Eigentlich verwende ich IntelliJ... da sehen web-Projekte in der IDE aus wie sie aussehen sollen...

src/main/java >> wird als Source-Verzeichnis erkannt
src/main/resoureces >> wird als Resources-Verzeichnis erkannt
src/main/webapp >> wird als Webapp-Verzeichnis erkannt

Bei Eclipse (Luna 4.4.1) wird mir die Projektstruktur nicht richtig im Package Explorer aufgelöst...
Eclipse hat scheinbar Probleme den webapp-Ordner zu erkennen.... Der wird bei mir als normales Verzeichnis dargestellt.

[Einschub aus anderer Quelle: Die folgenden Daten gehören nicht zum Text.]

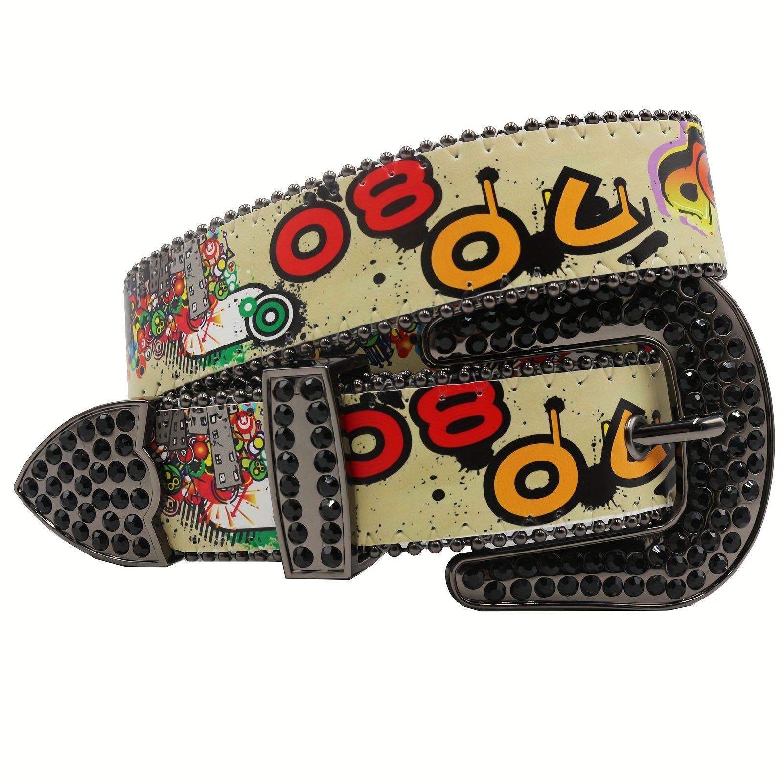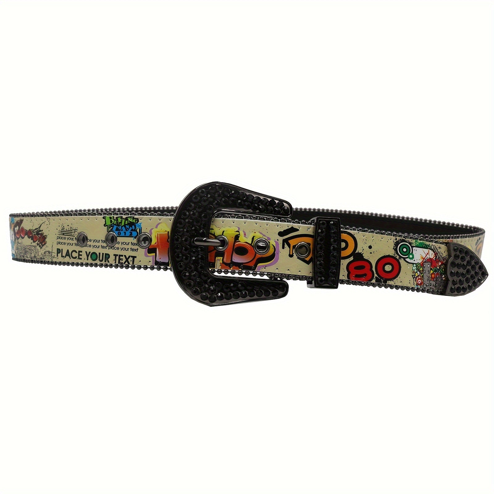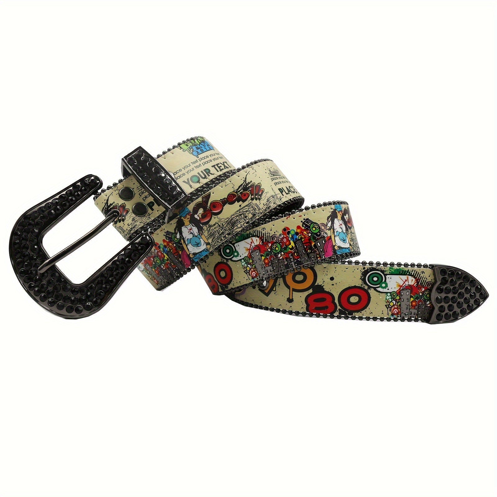 This Y2K belt features a unique print design and a punk rhinestone pin buckle. Suitable for both men and women. Perfect for adding a Western flair to your jeans.

Ist das "leider" normal oder kann man in eclipse noch etwas einstellen?


----------



## Dompteur (2. Feb 2015)

Verstehe ich das richtig, dass die Eclipse IDE den Code in src/main/webapp nicht als JAVA Code interpretiert ?

Dann kannst du unter "Project Properties" / "Java Build Path" / "Source" das Verzeichnis als weiteres Source-Verzeichnis hinzufügen.

Ich verwende noch eine ältere Eclipse Version. Es kann also sein, dass die Menüpunkte minimal anders heißen.


----------



## dzim (6. Feb 2015)

Soweit ich es verstehe, ist das verhalten aber doch richtig! im webapp liegen doch das Manifest und der ganze Spass, oder?
src/main/java ist in MAven-Projekten nun mal das Verzeichniss, dass für Quellcode zuständig ist.

Ansonten: Du kannst dir auch die .projekt und .classpath-Dateien des Projekts mal anschauen. Da steht drinn, welche Rolle welches Verzeichnis hat (oder wenn es nicht drinn steht, könnte dein o.g. Verhalten entstehen).
Da du die Dateien normalerweise nicht siehts, musst du evtl. den Filter des Project Navigators anpassen (oben rechts vom TreeView - so ein Pfeil nach unten öffnet ein Kontext-Menü).


----------